**Problem to work on:**
Repeat the entire listing exactly. Omit all pictures.

**Provided material:**
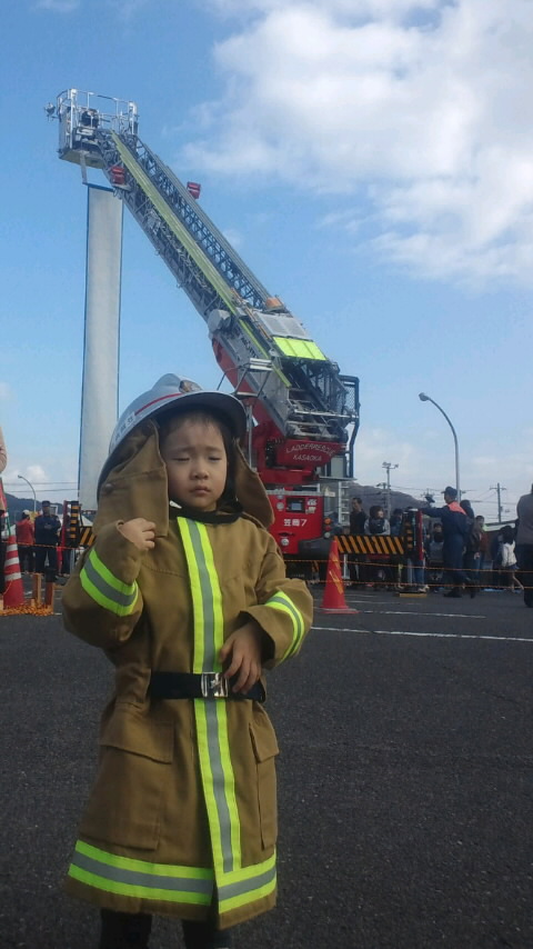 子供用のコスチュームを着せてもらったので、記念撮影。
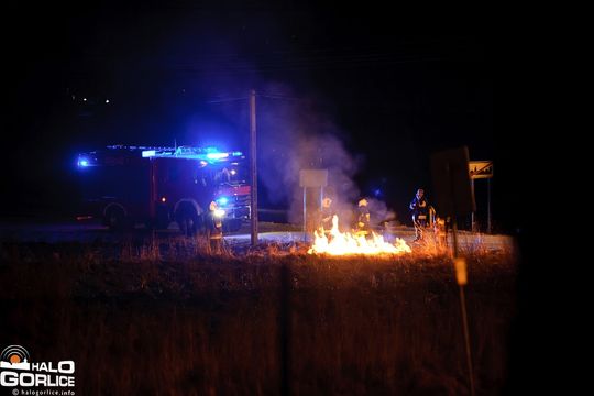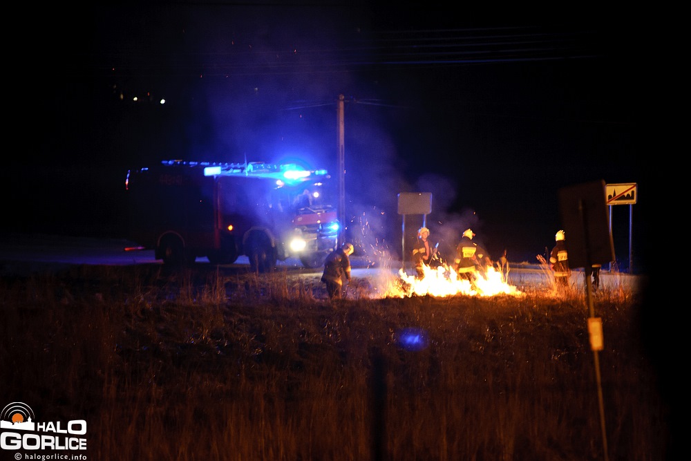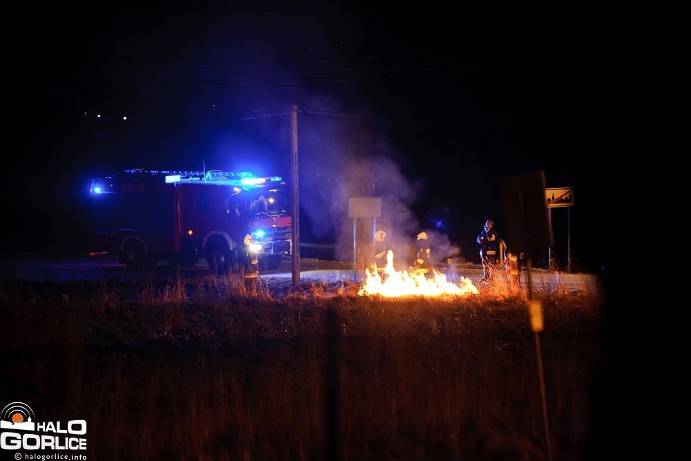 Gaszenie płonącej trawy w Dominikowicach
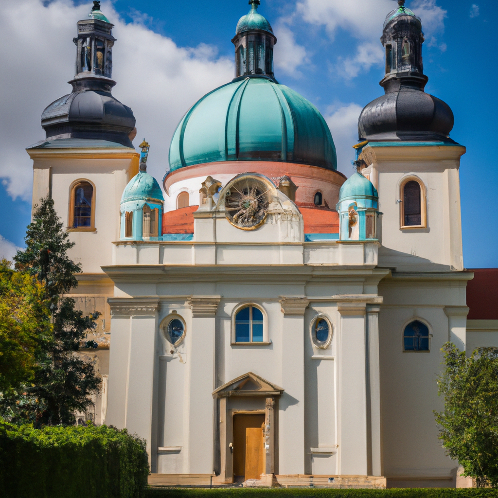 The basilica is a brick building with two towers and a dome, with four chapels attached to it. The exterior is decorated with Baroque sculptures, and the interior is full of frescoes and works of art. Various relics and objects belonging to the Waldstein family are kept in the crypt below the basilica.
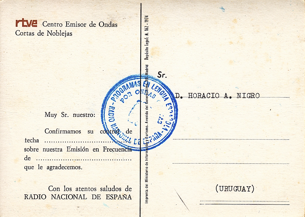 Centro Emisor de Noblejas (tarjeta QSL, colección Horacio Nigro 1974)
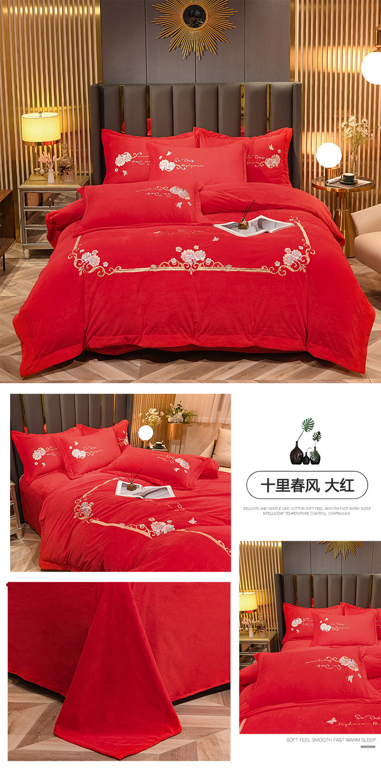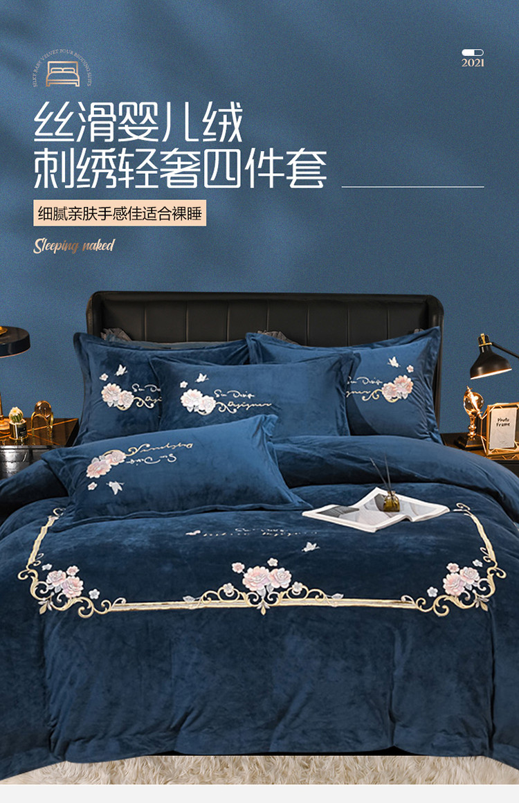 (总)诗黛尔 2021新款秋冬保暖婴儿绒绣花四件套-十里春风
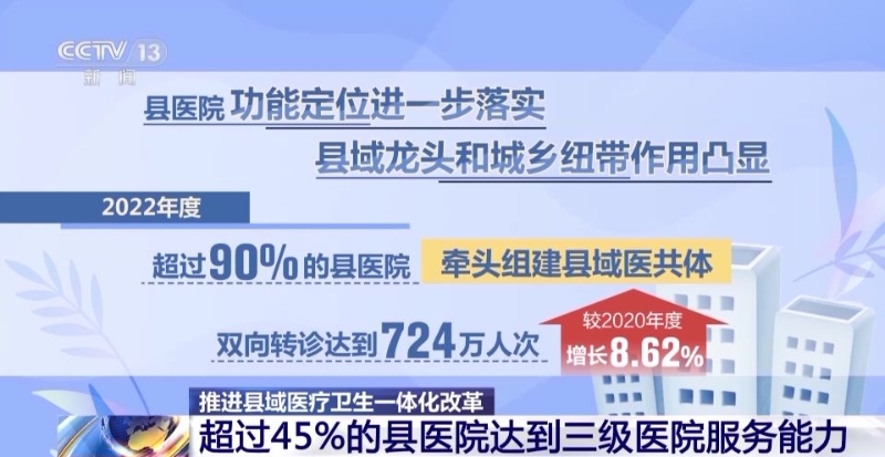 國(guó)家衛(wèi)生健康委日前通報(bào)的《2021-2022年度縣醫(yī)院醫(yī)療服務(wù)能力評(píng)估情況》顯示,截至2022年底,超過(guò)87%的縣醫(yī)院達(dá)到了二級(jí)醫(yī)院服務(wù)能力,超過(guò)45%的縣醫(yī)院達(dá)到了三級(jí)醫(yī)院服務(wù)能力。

**Solution to the exercise:**
 子供用のコスチュームを着せてもらったので、記念撮影。
 Gaszenie płonącej trawy w Dominikowicach
 The basilica is a brick building with two towers and a dome, with four chapels attached to it. The exterior is decorated with Baroque sculptures, and the interior is full of frescoes and works of art. Various relics and objects belonging to the Waldstein family are kept in the crypt below the basilica.
 Centro Emisor de Noblejas (tarjeta QSL, colección Horacio Nigro 1974)
 (总)诗黛尔 2021新款秋冬保暖婴儿绒绣花四件套-十里春风
 國(guó)家衛(wèi)生健康委日前通報(bào)的《2021-2022年度縣醫(yī)院醫(yī)療服務(wù)能力評(píng)估情況》顯示,截至2022年底,超過(guò)87%的縣醫(yī)院達(dá)到了二級(jí)醫(yī)院服務(wù)能力,超過(guò)45%的縣醫(yī)院達(dá)到了三級(jí)醫(yī)院服務(wù)能力。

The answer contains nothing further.